*** Begin section ***

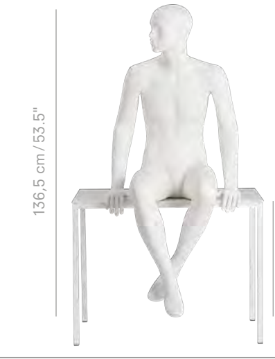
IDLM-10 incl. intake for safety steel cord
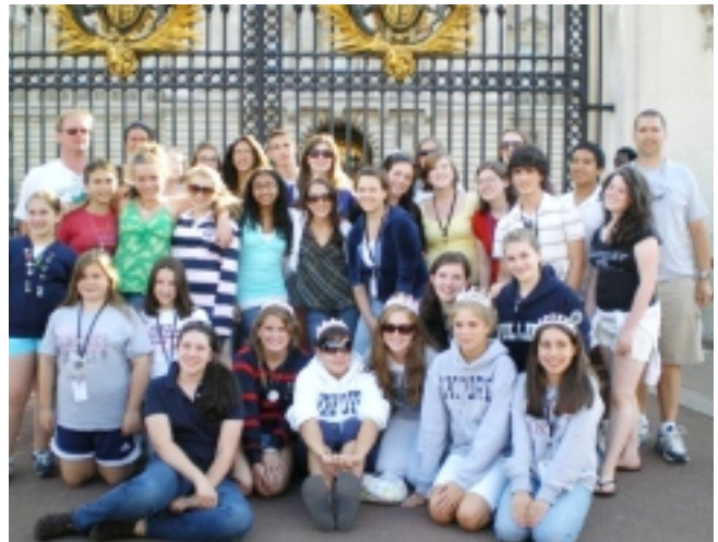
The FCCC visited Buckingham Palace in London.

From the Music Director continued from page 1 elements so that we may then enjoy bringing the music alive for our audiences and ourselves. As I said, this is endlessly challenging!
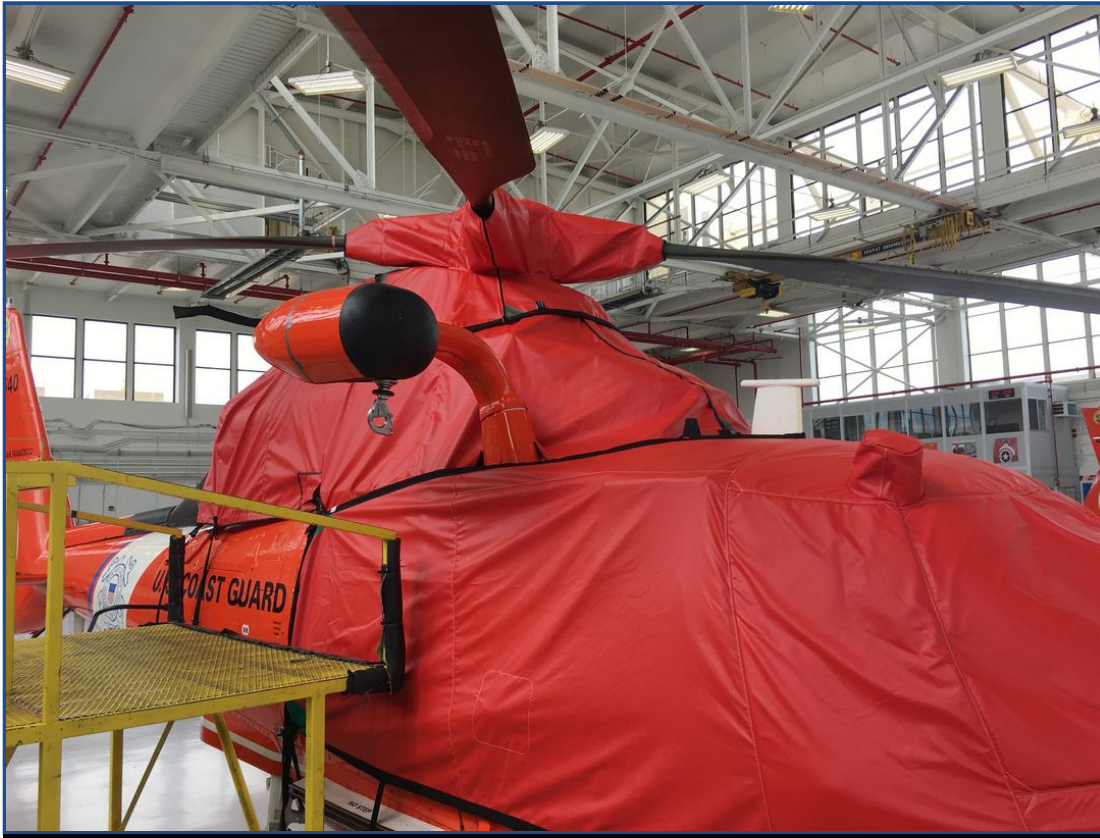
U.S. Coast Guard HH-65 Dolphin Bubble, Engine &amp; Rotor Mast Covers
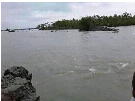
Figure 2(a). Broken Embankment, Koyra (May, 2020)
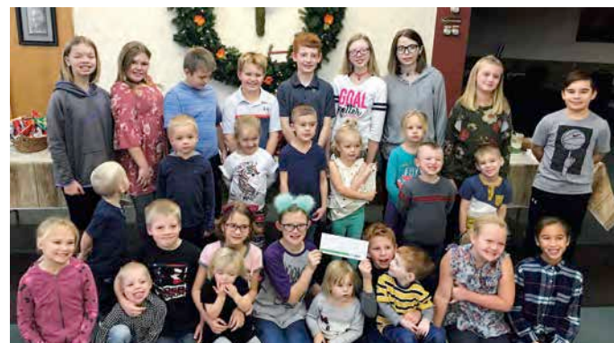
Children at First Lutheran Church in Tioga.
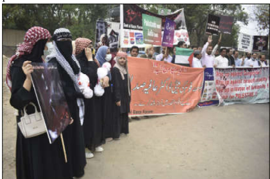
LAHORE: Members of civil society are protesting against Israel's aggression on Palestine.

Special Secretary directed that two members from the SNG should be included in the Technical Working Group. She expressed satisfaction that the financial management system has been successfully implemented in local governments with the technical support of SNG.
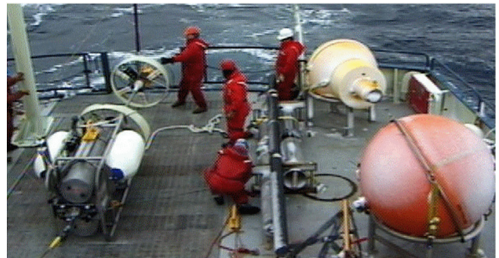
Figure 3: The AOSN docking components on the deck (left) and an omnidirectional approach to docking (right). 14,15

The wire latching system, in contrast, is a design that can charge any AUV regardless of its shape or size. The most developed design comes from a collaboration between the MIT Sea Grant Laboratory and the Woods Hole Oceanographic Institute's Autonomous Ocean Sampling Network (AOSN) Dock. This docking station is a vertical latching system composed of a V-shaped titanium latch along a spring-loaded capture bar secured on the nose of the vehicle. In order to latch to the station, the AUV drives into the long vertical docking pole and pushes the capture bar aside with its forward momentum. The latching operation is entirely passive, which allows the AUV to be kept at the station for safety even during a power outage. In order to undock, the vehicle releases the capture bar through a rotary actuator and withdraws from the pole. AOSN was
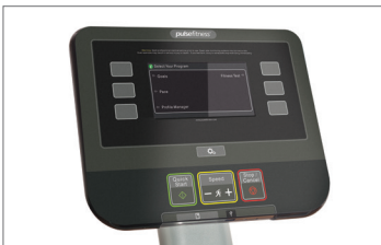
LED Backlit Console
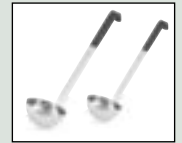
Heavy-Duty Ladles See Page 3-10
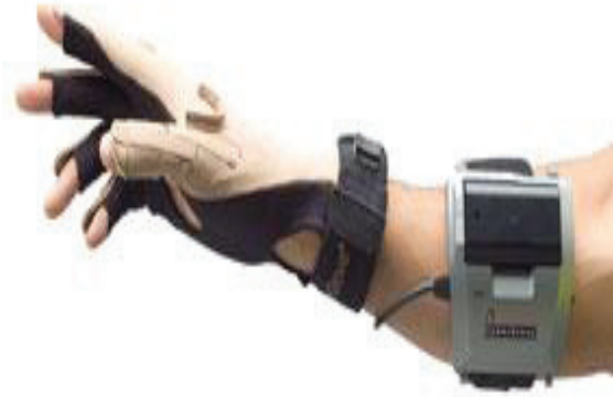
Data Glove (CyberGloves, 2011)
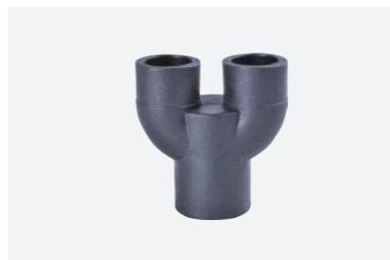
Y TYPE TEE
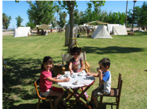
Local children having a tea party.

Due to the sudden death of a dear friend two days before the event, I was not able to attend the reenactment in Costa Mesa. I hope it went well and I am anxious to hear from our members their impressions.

*** End section ***
*** Begin section ***

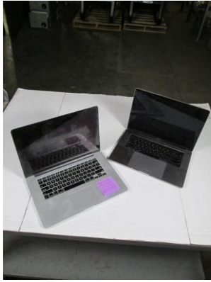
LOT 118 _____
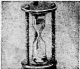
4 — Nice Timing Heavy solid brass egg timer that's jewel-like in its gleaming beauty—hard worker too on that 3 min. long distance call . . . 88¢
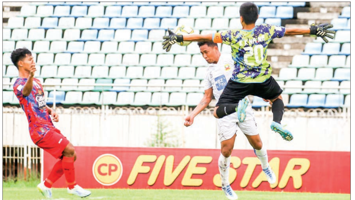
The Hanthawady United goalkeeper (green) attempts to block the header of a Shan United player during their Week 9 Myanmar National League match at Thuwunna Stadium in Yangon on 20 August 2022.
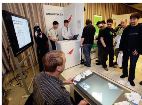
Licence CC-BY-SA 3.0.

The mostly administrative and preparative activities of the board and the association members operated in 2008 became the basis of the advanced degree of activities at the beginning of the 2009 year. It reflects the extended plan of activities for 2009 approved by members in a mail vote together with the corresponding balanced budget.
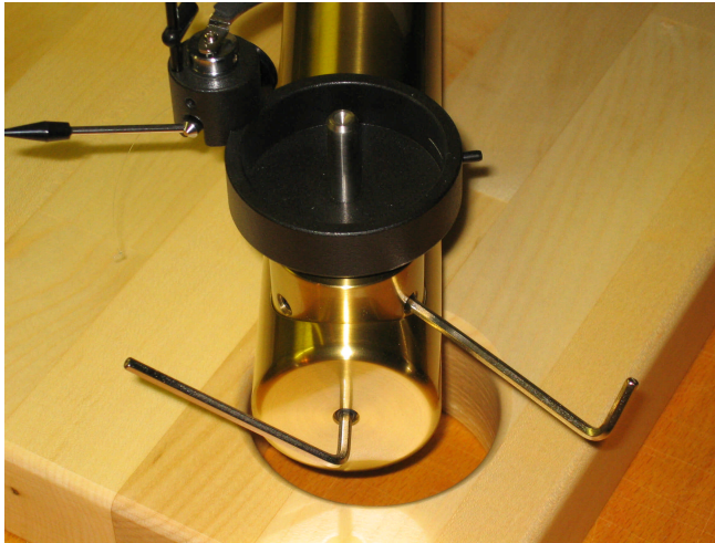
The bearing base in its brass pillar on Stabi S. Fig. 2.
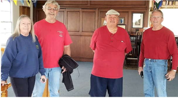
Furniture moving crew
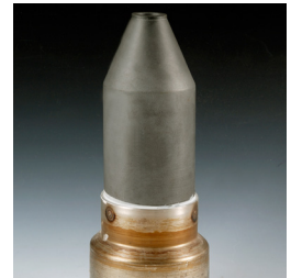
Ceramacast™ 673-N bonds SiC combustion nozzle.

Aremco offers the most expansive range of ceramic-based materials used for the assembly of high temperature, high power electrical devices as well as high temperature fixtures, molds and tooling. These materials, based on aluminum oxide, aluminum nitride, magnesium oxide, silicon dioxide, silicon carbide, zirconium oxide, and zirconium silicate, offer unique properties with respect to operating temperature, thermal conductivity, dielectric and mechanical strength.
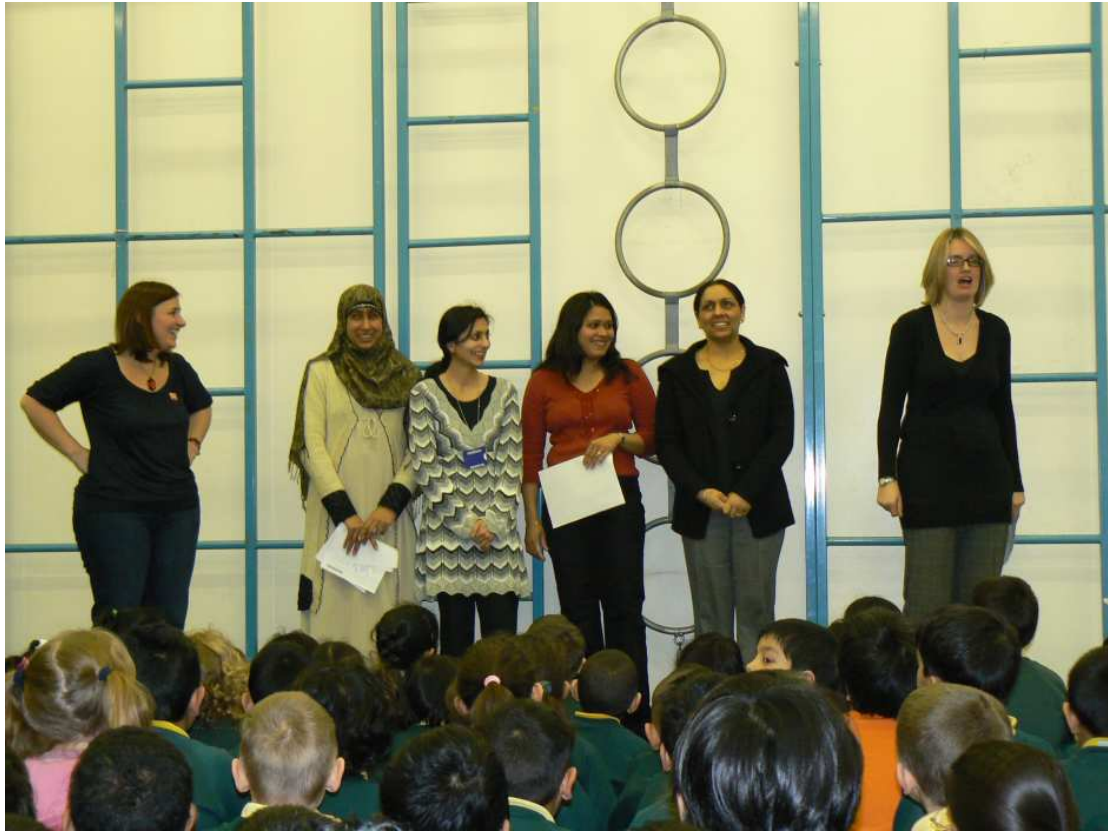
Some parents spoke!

*** End section ***

▶ EXERCISE BRIEF: Each line of the entries that contains "long" counts once; state the total as a bare number.

▶ OUTPUT FOR THIS TASK: 2